Problem requirements =
Start at the line below containing "This vintage South" and stop at the line containing "c) Chứng minh". Repeat every line of that stretch exactly, and nothing outside it.

··· Records supplied

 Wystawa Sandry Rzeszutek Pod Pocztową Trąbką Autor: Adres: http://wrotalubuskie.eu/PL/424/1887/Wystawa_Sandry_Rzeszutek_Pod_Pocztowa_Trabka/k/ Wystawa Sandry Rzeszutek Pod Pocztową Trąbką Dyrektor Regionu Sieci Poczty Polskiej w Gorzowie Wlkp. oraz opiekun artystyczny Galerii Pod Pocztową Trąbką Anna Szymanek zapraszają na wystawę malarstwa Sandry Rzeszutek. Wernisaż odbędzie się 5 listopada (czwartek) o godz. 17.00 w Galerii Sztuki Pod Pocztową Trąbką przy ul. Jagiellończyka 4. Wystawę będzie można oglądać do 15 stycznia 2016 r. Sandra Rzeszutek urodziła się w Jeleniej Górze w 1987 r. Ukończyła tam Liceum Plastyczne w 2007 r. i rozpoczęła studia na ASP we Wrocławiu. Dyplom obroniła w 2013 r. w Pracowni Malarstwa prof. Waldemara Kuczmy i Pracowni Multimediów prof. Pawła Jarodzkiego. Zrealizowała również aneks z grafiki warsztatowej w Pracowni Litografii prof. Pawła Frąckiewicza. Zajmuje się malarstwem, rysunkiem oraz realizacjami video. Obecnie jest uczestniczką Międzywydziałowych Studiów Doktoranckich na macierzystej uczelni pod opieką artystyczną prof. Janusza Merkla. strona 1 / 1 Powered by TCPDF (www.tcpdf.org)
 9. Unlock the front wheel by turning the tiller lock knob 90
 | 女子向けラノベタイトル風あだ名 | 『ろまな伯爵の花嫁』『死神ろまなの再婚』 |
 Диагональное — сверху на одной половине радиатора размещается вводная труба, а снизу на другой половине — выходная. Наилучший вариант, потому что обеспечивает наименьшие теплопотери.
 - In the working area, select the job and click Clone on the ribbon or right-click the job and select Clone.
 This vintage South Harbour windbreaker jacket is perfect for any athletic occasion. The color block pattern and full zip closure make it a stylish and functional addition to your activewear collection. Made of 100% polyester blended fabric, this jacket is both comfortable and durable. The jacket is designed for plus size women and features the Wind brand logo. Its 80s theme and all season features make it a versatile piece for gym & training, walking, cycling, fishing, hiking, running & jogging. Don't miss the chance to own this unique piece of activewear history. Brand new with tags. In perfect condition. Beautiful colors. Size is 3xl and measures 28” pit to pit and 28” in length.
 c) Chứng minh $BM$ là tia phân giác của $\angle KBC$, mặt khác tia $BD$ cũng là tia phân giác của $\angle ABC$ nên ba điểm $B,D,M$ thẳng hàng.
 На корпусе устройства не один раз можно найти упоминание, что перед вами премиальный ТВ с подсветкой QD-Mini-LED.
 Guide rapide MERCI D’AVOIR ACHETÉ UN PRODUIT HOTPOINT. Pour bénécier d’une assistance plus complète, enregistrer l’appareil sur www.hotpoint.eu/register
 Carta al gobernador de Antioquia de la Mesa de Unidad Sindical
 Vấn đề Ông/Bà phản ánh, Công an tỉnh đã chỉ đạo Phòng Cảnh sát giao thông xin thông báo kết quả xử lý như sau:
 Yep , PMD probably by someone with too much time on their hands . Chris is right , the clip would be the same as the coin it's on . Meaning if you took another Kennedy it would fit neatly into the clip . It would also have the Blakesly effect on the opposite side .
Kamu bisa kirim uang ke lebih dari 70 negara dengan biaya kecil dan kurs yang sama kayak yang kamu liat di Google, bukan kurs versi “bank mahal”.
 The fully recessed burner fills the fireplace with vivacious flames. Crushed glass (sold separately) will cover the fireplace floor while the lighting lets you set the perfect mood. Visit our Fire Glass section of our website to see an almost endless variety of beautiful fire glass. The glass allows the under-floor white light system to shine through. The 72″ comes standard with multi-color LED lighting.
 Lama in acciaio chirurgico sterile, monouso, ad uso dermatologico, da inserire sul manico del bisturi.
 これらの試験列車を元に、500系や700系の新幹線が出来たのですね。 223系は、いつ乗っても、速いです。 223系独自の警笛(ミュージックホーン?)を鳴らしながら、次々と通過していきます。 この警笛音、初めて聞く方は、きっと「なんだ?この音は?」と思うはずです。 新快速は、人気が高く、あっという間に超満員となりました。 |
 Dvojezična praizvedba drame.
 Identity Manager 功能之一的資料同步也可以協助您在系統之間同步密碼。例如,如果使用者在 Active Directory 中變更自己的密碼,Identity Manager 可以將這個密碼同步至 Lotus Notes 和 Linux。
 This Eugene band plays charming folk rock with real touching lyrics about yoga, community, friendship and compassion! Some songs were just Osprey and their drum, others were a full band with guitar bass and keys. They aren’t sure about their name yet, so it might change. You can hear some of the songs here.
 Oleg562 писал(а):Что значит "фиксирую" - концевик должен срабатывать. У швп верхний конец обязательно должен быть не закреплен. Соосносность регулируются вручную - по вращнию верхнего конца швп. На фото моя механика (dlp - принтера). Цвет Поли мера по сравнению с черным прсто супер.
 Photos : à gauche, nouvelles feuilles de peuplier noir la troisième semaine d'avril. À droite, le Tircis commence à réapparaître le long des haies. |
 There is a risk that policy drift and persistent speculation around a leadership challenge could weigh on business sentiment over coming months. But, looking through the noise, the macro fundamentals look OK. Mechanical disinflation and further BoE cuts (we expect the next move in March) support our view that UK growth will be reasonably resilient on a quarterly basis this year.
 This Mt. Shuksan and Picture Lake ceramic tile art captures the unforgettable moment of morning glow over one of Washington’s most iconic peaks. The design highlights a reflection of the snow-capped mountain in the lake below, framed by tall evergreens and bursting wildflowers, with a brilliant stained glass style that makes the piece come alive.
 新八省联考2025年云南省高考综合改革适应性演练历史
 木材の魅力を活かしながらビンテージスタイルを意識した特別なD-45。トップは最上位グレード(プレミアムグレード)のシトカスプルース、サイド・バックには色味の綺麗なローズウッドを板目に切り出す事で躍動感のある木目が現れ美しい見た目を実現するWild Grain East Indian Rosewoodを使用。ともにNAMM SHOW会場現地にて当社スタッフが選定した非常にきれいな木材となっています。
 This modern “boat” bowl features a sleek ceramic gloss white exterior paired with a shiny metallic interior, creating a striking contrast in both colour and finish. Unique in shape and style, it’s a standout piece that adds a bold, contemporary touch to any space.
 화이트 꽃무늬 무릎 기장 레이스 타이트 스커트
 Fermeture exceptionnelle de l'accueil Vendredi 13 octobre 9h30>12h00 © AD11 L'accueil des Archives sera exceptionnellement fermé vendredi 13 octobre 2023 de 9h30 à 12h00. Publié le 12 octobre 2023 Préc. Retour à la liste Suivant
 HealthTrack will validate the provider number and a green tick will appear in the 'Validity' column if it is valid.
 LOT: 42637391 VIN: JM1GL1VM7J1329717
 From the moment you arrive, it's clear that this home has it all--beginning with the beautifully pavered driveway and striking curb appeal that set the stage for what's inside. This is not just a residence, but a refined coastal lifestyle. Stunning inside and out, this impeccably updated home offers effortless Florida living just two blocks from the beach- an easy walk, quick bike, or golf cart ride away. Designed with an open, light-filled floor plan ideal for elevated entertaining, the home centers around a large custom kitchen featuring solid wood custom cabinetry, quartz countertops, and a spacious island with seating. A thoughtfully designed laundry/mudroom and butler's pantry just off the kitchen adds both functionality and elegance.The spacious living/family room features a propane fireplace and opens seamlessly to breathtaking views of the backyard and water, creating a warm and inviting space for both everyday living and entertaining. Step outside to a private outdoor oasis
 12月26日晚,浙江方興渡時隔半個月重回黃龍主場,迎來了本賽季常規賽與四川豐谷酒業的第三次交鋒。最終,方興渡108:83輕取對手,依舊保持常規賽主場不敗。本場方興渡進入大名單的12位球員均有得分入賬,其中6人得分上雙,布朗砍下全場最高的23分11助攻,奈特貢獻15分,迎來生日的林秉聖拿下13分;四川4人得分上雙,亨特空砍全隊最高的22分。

······

Task answer =
 This vintage South Harbour windbreaker jacket is perfect for any athletic occasion. The color block pattern and full zip closure make it a stylish and functional addition to your activewear collection. Made of 100% polyester blended fabric, this jacket is both comfortable and durable. The jacket is designed for plus size women and features the Wind brand logo. Its 80s theme and all season features make it a versatile piece for gym & training, walking, cycling, fishing, hiking, running & jogging. Don't miss the chance to own this unique piece of activewear history. Brand new with tags. In perfect condition. Beautiful colors. Size is 3xl and measures 28” pit to pit and 28” in length.
 c) Chứng minh $BM$ là tia phân giác của $\angle KBC$, mặt khác tia $BD$ cũng là tia phân giác của $\angle ABC$ nên ba điểm $B,D,M$ thẳng hàng.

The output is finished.